***** Data in this exercise
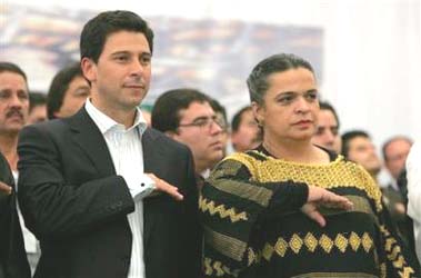 "California Assembly Speaker Fabian Nunez, left, salutes towards the flag while listening to the national anthem as he stands with Beatriz Paredes, who hopes to become the candidate for Mexico City Mayor under her party, the Institutional Revolutionary Party, or PRI, in Mexico City, Mexico on Friday Aug. 26, 2005."
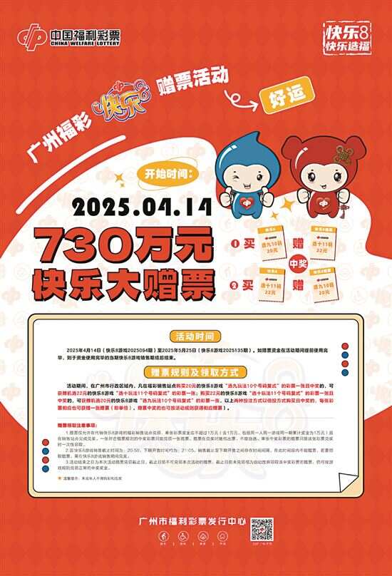 新快报讯 记者陆妍思 通讯员郭新庆 盘芷滢报道 记者从广州市福彩中心获悉,为真情回馈长期以来彩民朋友对福利彩票事业的关心和支持,广州市福利彩票发行中心将自2025年4月14日起,在全市范围内开展“快乐8快乐大赠票”促销活动,本次活动共安排赠票资金730万元,针对快乐8游戏两种玩法开展赠票。
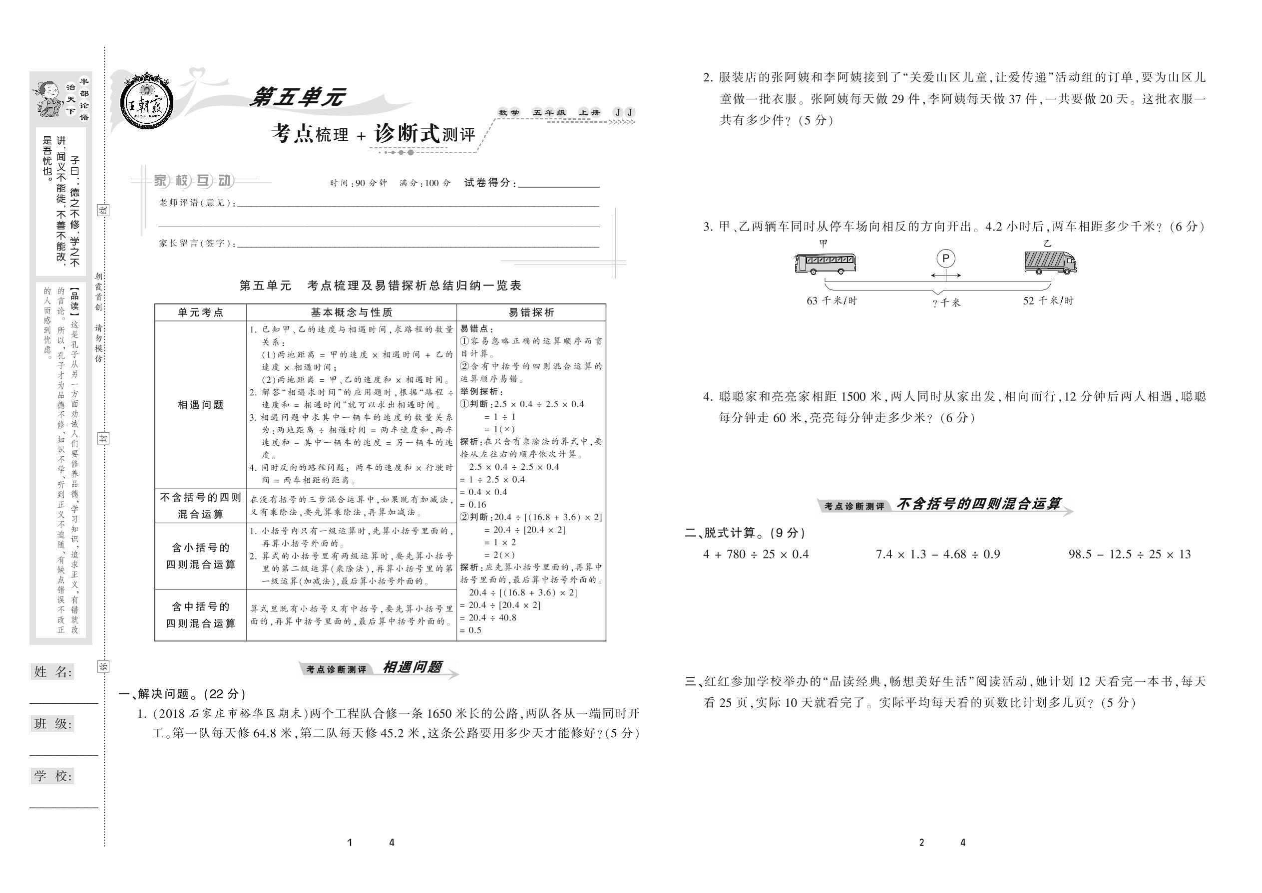 2020上册五年级数学冀教版 第五单元 考点梳理+诊断式测评
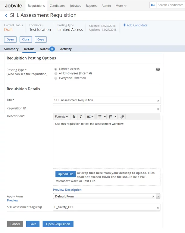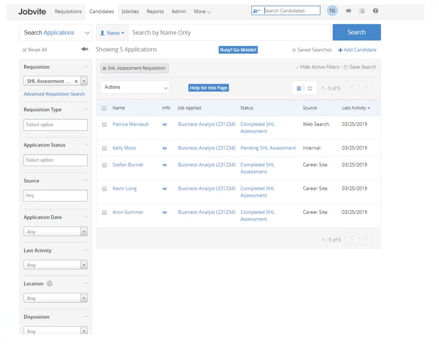 - SHL’s assessment solutions are integrated with Jobvite Hire via Jobvite’s API. When enabled, Jobvite customers can access their SHL assessments from within Jobvite for any candidate. Through the integration, once the assessment is completed, scores and reports are available in the candidate profile within Jobvite Hire.
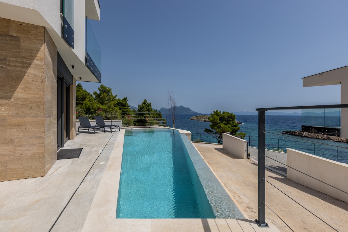 Esta exquisita villa de vacaciones se sitúa en una ubicación impresionante justo en la costa. Con sus extraordinarias vistas al mar azul azul y puestas de sol pintorescas, esta villa ofrece una increíble experiencia de relajación y lujo.
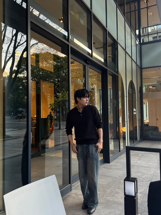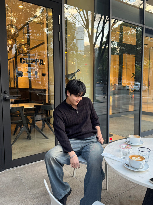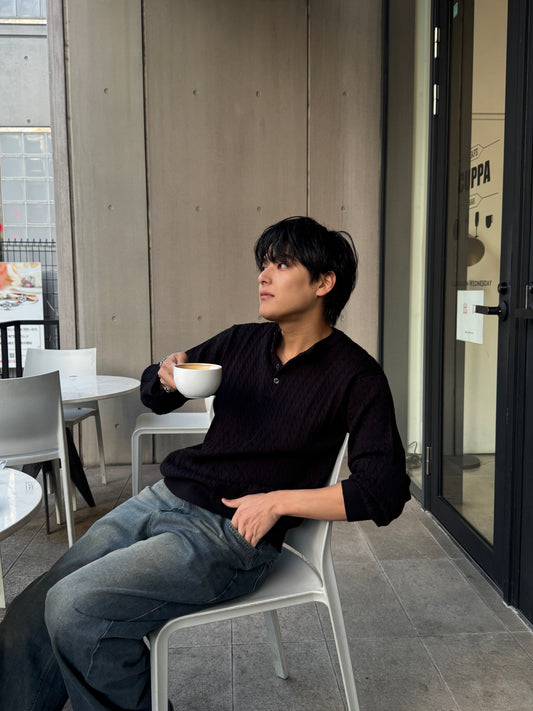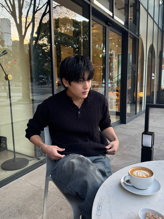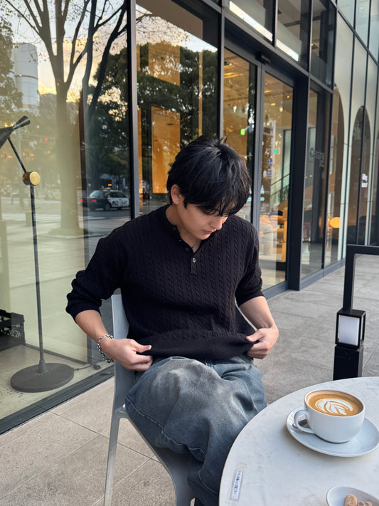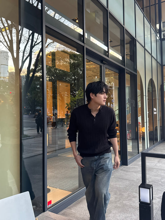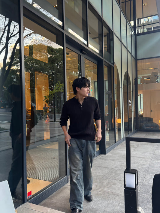 Henley Neck Knit Sweater
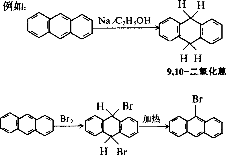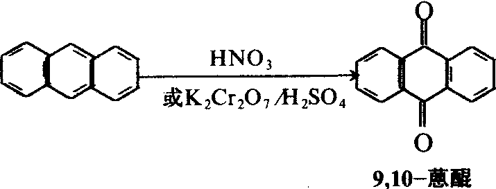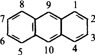 蒽为无色片状晶体,有蓝紫色荧光; 熔点为216℃,沸点为340℃;相对密度为1.283 (25/4℃); 容易升华; 不溶于水,难溶于乙醇和乙醚,易溶于热苯。 蒽分子中所有的原子都处于同一个平面上,每个碳原子都以sp2杂化轨道与相邻碳原子的sp2杂化轨道或氢原子的1s轨道重叠形成σ键,每个碳原子的p轨道均垂直于蒽分子平面,形成环闭的共轭体系,蒽具有芳香性。蒽环上电子密度的分布不是完全平均化的,所以碳碳键的键长不完全相等,芳香性比苯、萘、菲要差。 蒽的一元取代物有3种,其中1,4,5,8位相同称为α位,2,3,6,7位相同称为β位,9,10位相同称γ位或中位。化学反应主要发生在最活泼的γ位。例如氧化反应:
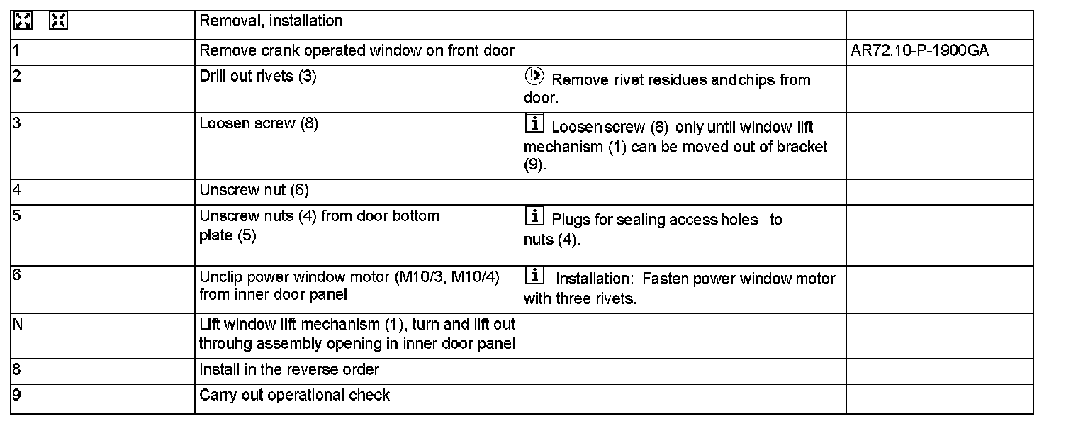 AR72.10-P-1800GG Remove/Install Window Lift Mechanism In Front Door
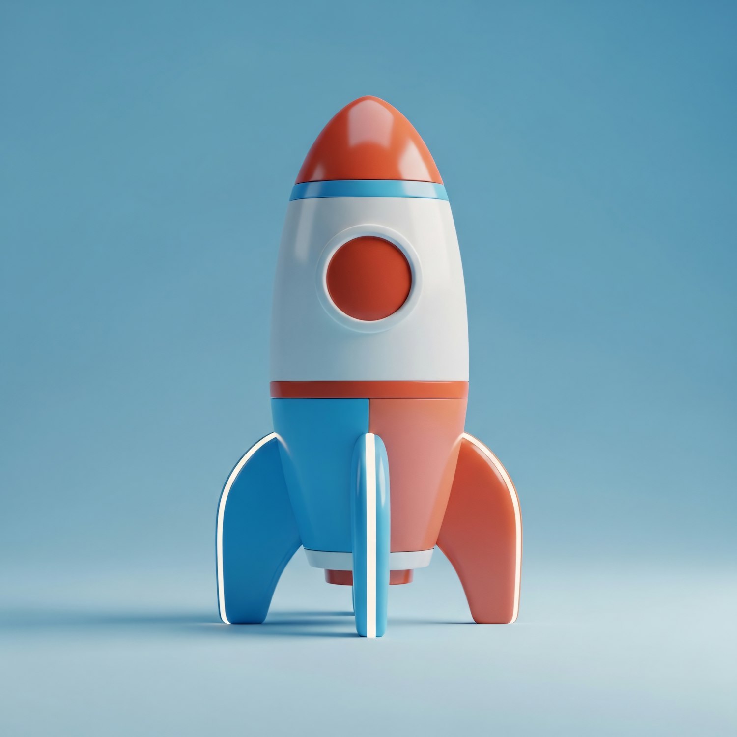 A vibrant toy rocket with orange, blue, and white colors stands against a blue background, showcasing a sleek and playful design.
**********
Exercise
Give every line of the data above again as it stands; the pictures stay out.

Task response
 "California Assembly Speaker Fabian Nunez, left, salutes towards the flag while listening to the national anthem as he stands with Beatriz Paredes, who hopes to become the candidate for Mexico City Mayor under her party, the Institutional Revolutionary Party, or PRI, in Mexico City, Mexico on Friday Aug. 26, 2005."
 新快报讯 记者陆妍思 通讯员郭新庆 盘芷滢报道 记者从广州市福彩中心获悉,为真情回馈长期以来彩民朋友对福利彩票事业的关心和支持,广州市福利彩票发行中心将自2025年4月14日起,在全市范围内开展“快乐8快乐大赠票”促销活动,本次活动共安排赠票资金730万元,针对快乐8游戏两种玩法开展赠票。
 2020上册五年级数学冀教版 第五单元 考点梳理+诊断式测评
 - SHL’s assessment solutions are integrated with Jobvite Hire via Jobvite’s API. When enabled, Jobvite customers can access their SHL assessments from within Jobvite for any candidate. Through the integration, once the assessment is completed, scores and reports are available in the candidate profile within Jobvite Hire.
 Esta exquisita villa de vacaciones se sitúa en una ubicación impresionante justo en la costa. Con sus extraordinarias vistas al mar azul azul y puestas de sol pintorescas, esta villa ofrece una increíble experiencia de relajación y lujo.
 Henley Neck Knit Sweater
 蒽为无色片状晶体,有蓝紫色荧光; 熔点为216℃,沸点为340℃;相对密度为1.283 (25/4℃); 容易升华; 不溶于水,难溶于乙醇和乙醚,易溶于热苯。 蒽分子中所有的原子都处于同一个平面上,每个碳原子都以sp2杂化轨道与相邻碳原子的sp2杂化轨道或氢原子的1s轨道重叠形成σ键,每个碳原子的p轨道均垂直于蒽分子平面,形成环闭的共轭体系,蒽具有芳香性。蒽环上电子密度的分布不是完全平均化的,所以碳碳键的键长不完全相等,芳香性比苯、萘、菲要差。 蒽的一元取代物有3种,其中1,4,5,8位相同称为α位,2,3,6,7位相同称为β位,9,10位相同称γ位或中位。化学反应主要发生在最活泼的γ位。例如氧化反应:
 AR72.10-P-1800GG Remove/Install Window Lift Mechanism In Front Door
 A vibrant toy rocket with orange, blue, and white colors stands against a blue background, showcasing a sleek and playful design.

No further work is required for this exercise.